Cirebon makin ramai dan makin baik untuk berhubungan dengan Parsi-Mesir, Arab, Cina,
Campa, dan lainnya (Departemen Pendidikan dan Kebudayaan, 1997:56).
Dengan kedatangan Belanda keadaan ekonomi di Cirebon dikuasai penuh oleh VOC.

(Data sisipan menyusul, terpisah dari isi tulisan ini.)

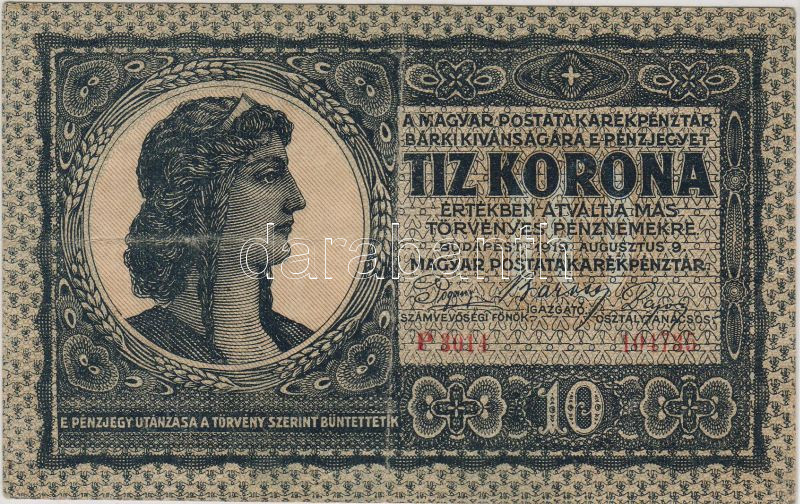 1919. 10K 2.kiadás T:II-/III+ https://www.darabanth.com/hu/31-Gyorsarveres/31.0/Numizmatika/Magyar-es-kulfoldi-bankjegyek-Hungarian-and-foreign-banknotes~222/1919-10K-2kiadas-TII-IIIplus~II59414
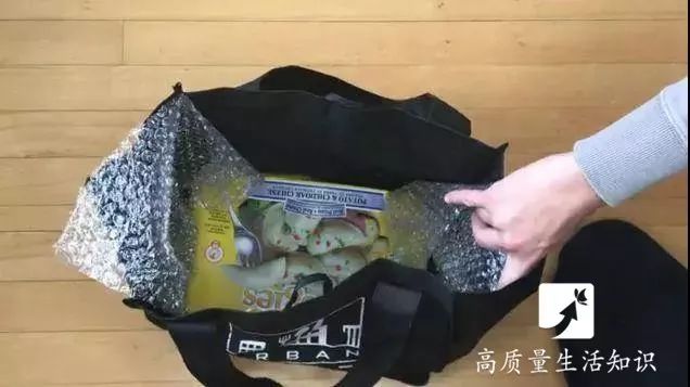將氣泡膜放在購物袋的下面,周圍留出一些多余的氣泡膜,便于包裹,簡單的保溫袋就制作完成了,非常不錯喲。。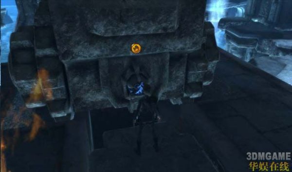 图中我们看到房间仍然是升降石锁的样式,通过的方法已经轻车熟路,不过与之前不同的是,头上的锁链是反向移动的,不断按E,快速移动到平台处
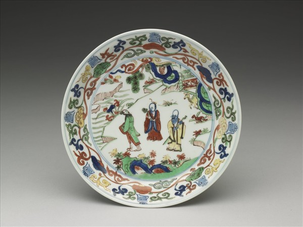 侈口窄唇,淺壁,矮圈足。厚胎白釉。盤心彩畫山水及福祿壽三星,周壁彩畫轉枝靈芝,加書青壽字。外壁彩畫折枝松竹梅八枝。足圈彩畫轉枝花葉圖案。口足內外加飾青線六道。底有青花書「大明萬曆年製」六楷字款,外加雙圈。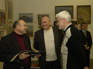 Название проекта — «Встреча» — оправдывает себя полностью. Во-первых, в рамках одного выставочного зала встречаются художники разных стилей, техник я жанров. Это - принцип организации «Гостиной на Дворянской»: она объединяет, как написано в уставе, «всех возможных художников». Единственное ограничение — не больше трех работ от каждого творца. При этом в экспозиции складывается целостная картинка всех тенденций современного искусства Украины. Плакаты Евгения Маслова, камеи Александра Бильдера, фотографии Олега Малеваного, Владимира Скипенко, Владимира Оглоблина и Владимира Бысова, скульптуры Александра Ридного, эскизы театральных костюмов и оформления сцены Татьяны Медведь и Тараса Шигимаги, живопись Виктора Ковтуна и Михаила Попова, графика Евгения и Сергея Егоровых -Харьков представил, что называется, самое-самое. Крымчане привезли работы, в которых горы, море, солнце и лето - в основном, это живопись и акварели.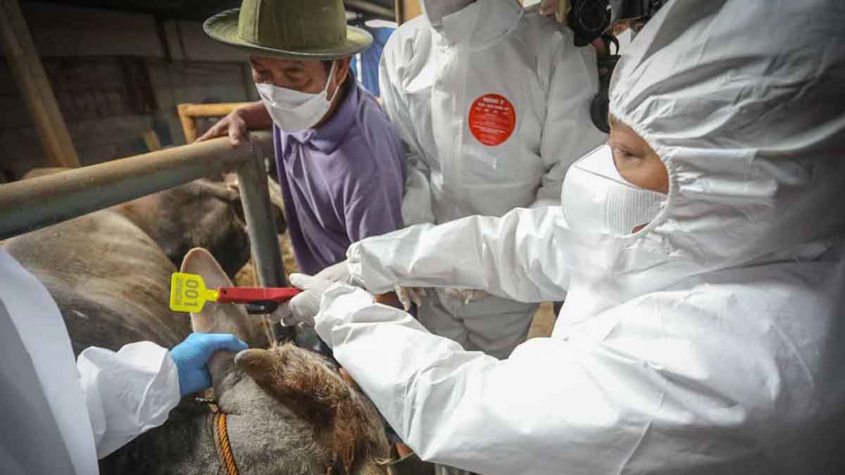 INILAHONLINE.COM, BANDUNG — Dinas Ketahanan Pangan dan Pertanian (DKPP) melaksanakan vaksinasi untuk pencegahan Penyakit Mulut Kuku (PMK) kepada hewan di Gang Lumbung 4, Babakan Ciparay, Senin (27/6/2022).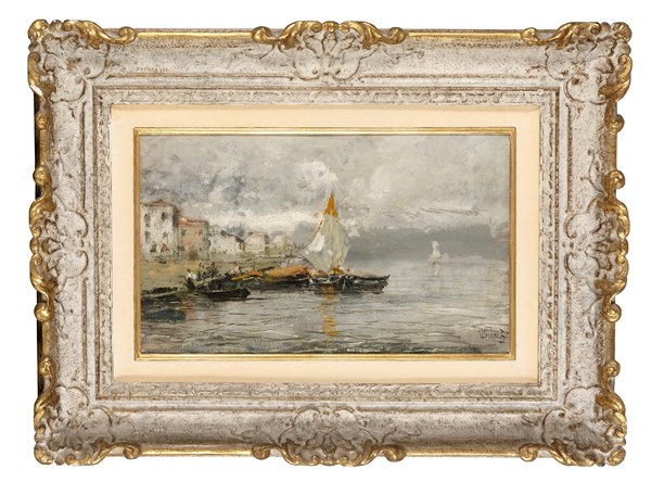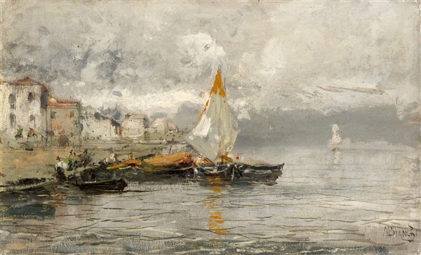 Mosè Bianchi "Marina a Chioggia" olio su compensato (cm 29,5x48,5)Firmato in basso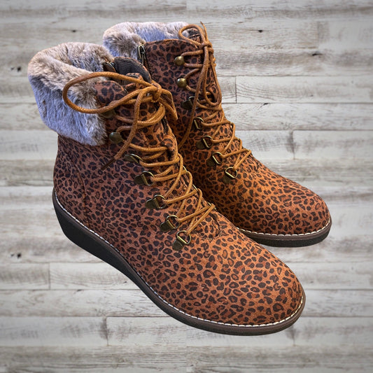 Corky's Foxy Leopard Print Mid Wedge Booties with Fur Trim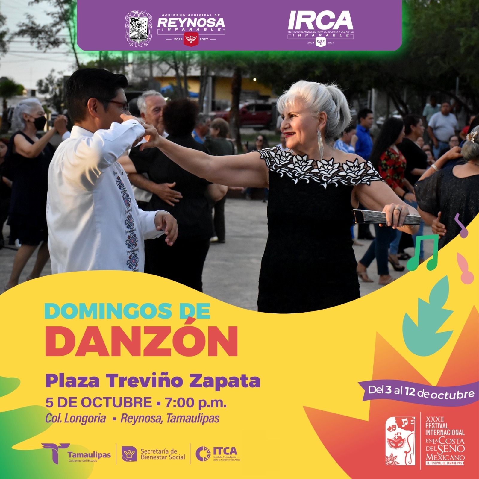 Siguiendo las instrucciones del Alcalde Carlos Peña Ortiz, el Instituto Reynosense para la Cultura y las Artes ofrece clases gratuitas de danzón cada domingo en la plaza Treviño Zapata a partir de las 7:00 P. M.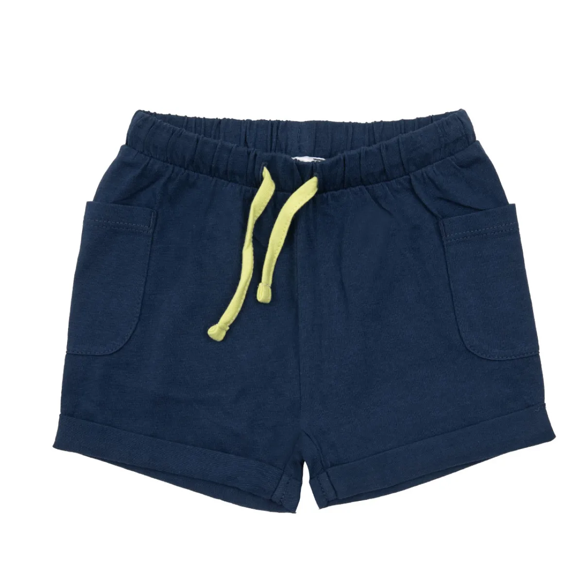Pantaloncino morbido da bambino. Il capo si presenta in total blu con particolare giallo. La vestibilità è morbida e pratica grazie ad elastico in girovita regolabile. Modello con tasche grandi sui fianchi. Lo short è adatto per un look casual/sportivo. Accessori non in vendita. La confezione contiene solo il capo d’abbigliamento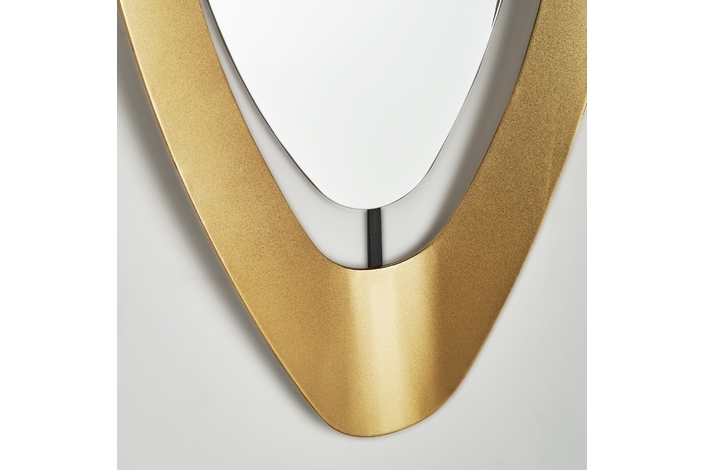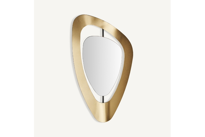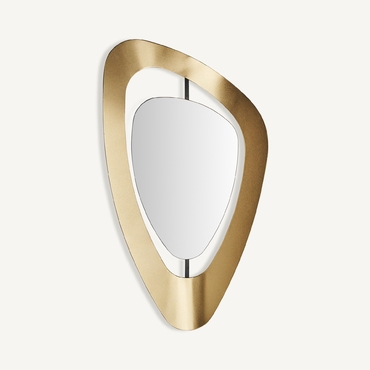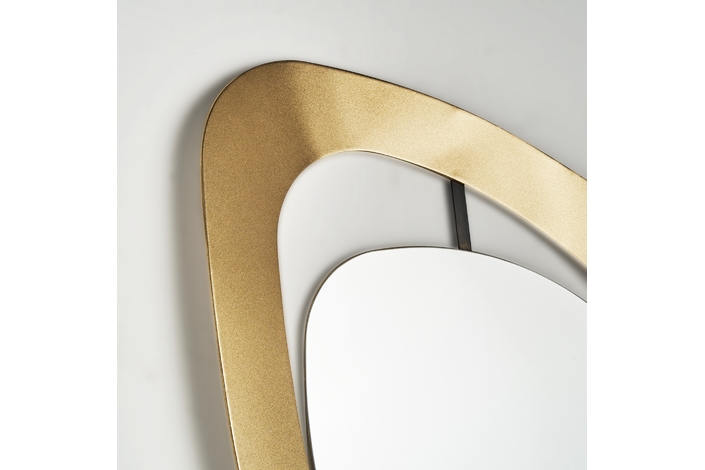 Espejo berila, en color oro, de estilo art deco. Fabricado en cristal, combinado con hierro y madera dm.

Dengan diadakannya perjanjian antara Belanda dengan Cirebon 30 April 1981, Cirebon
selalu akan memelihara kepercayaan terhadap Belanda. Akan tetapi, seluruh komoditi
perdagangan di Cirebon, dikuasai Belanda, hal ini hanya akan menguntungkan pihak Belanda
dan merugikan Cirebon. Belanda menerapkan monopoli perdagangan dan pertanian, salah
satu contohnya yaitu kebijakan menanam 10 pohon kopi tiap kepala keluarga di Priangan
Timur.
Dari gambaran diatas kita kenali bahwa pihak kesultanan sendiri dalam menjalankan
perekonomian terutama terhadap komoditi-komoditi ekspor kurang, peranannya lebih banyak
ditangan Belanda. Hal itu semuanya jelas dampak negative pengaruh kolonialisme Belanda
sejak perjanjian tahun 1981 dan seterusnya. Dengan perjanjian-perjanjian tersebut Belanda
sejak Kompeni menginginkan penguasaan atas daerah subur produksi kopi dan lainnya dapat
terlaksana, disamping rasa ketakutannya terhadap penguasaan daerah Priangan Timur itu
dikuasai oleh Banten dan juga Mataram (Departemen Pendiidikan dan Kebudayaan,
1997:67).
Dapat dilihat pula keadaan perekonomian dari sumber lainnya. Selain perdagangan
dan pelayaran. Perekonomian Cirebon juga ditunjang oleh kegiatan masyarakatnya yang
menjadi nelayan. Cirebon juga dikenal sebagai kota udang, artinya Cirebon juga memiliki
satu komoditi dagang utama yaitu terasi, petis dan juga garam.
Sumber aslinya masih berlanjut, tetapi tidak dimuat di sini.